As part of a future project with Sian Williams, I’ll be working further on the Spanish Civil War collection and those interesting stories you mention, particularly on the personal papers of Welsh volunteers who joined the Republican cause as part of the International Brigade effort.

Rachel Trezise: The novel is both structurally and thematically bold, encompassing duality and resurrection and employing a love story to boot. Did you always know that this story would be your first major work? How long have you been carrying the ideas in your head?

Elaine Canning: I had the broad outline of the story for The Sandstone City for some time, and yes, I hoped it would be my first major work. My initial starting points were the Spanish Civil War, as well as the cities of Belfast and Salamanca, and the broad themes of family and intergenerational relations. But it took a while for me to allow Michael’s voice to settle on the page; that’s a little unusual for me as I normally start with character. His back story was always meant to be there, but not Michael as a character in his own right. However, it was only when I let him in that the various threads of the novel began to come together.
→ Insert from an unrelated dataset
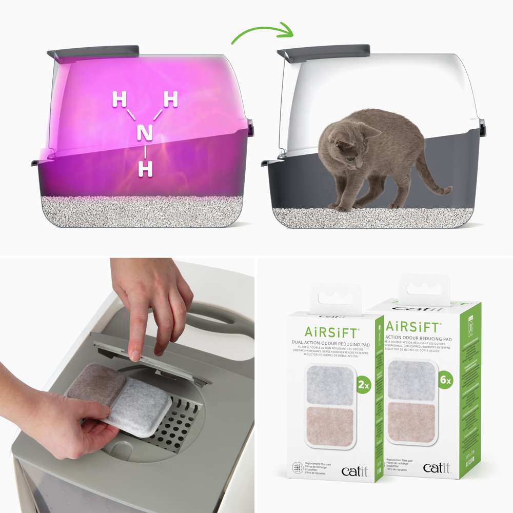 Insert the included Catit Airsift Dual Action Odour Reducing Pad into the top compartment for 1 month of cat-friendly odour reduction. Refill Catit Airsift filter pads are sold separately.
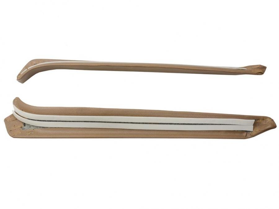 Eliminate the scratching and pinching caused by the cracked vinyl on your door armrests. Our door panel armrest repair kit is a quick, easy, and inexpensive alternative to replacing the whole door panel. Molded from fiberglass and covered with stock vinyl in most interior colors from 1968-77. Strong double-stick tape holds this piece to your door so there's no glue mess. Instructions included. Specify year and color. Sold in pairs.

The other three ghostly / other worldly characters also came later and became important bridging protagonists between Michael and Sarah. All in all, from the first seeds of the ideas to completion, I carried the story around in my head for about four years.

Rachel Trezise: You also mentioned in your note that the novel was partly inspired by your fascination with the relationship between past and present versions of the self. This seems like quite a difficult concept to convey in fiction which relies somewhat on characters’ demeanors and beliefs remaining consistent, at least until the very end of the story. Yet you found an imaginative method of allowing Michael to edit the letters he wrote as a much younger man in order to clearly track the evolution of his memories. How far along in the writing process did you discover this technique if not at the very beginning?

Elaine Canning: This was one of the most challenging and fun aspects of writing the novel! I wanted to try to find a way, somehow, for various iterations of Michael’s identity to fuse on the page as he confronts a shelved, past version of himself. How I ended up doing this came right at the very end and in discussion with my brilliant publisher and editor, Rebecca F. John.

 

Rachel Trezise: Outside of your writing you are the Head of Special Projects at Swansea University, executing the Rhys Davies National short story competition and the International Dylan Thomas Prize. What effect, if any, does working with other writers on a daily basis have on your work? Do you have any particular writing routine?

Elaine Canning: It has a very significant effect and one for which I’m hugely grateful. I have the consistent privilege of reading widely across a variety of genres and experiencing a whole range of styles and voices, as well as hearing writers speak about their writing processes and practices. I also love the close editorial work I do as part of the Rhys Davies National Short Story Award and working alongside extremely talented judges for both Prizes I’m involved with. I find it all incredibly inspiring and it certainly makes me think more deeply about my own ideas and potential approaches.

In terms of writing routine, I try very hard to protect an hour or so in the very early morning, when it’s just me and my notepad or laptop. I think of it as a time when I can switch off from the rest of the world, before the everyday responsibilities kick in. Other than that, I try to grasp precious writing moments when I can – I’m forever scribbling in a notebook or making notes in my phone when I’m waiting for something else to start.

Rachel Trezise: Finally, what are you working on next?

Elaine Canning: I have three projects on the go at the moment. I’m currently finishing a volume on Maggie O’Farrell for Bloomsbury’s Contemporary Critical Perspectives Series and I’m working on a final draft of a short story collection on the theme of ‘Incommunicado’. The beginnings of a second novel are bedding down too, and I’m really looking forward to developing the characters and story arc over the next few months.

 

The Sandstone City by Elaine Canning is out now with Aderyn Press and can be purchased from your local bookshop or from the publisher’s website (£8.99 in paperback).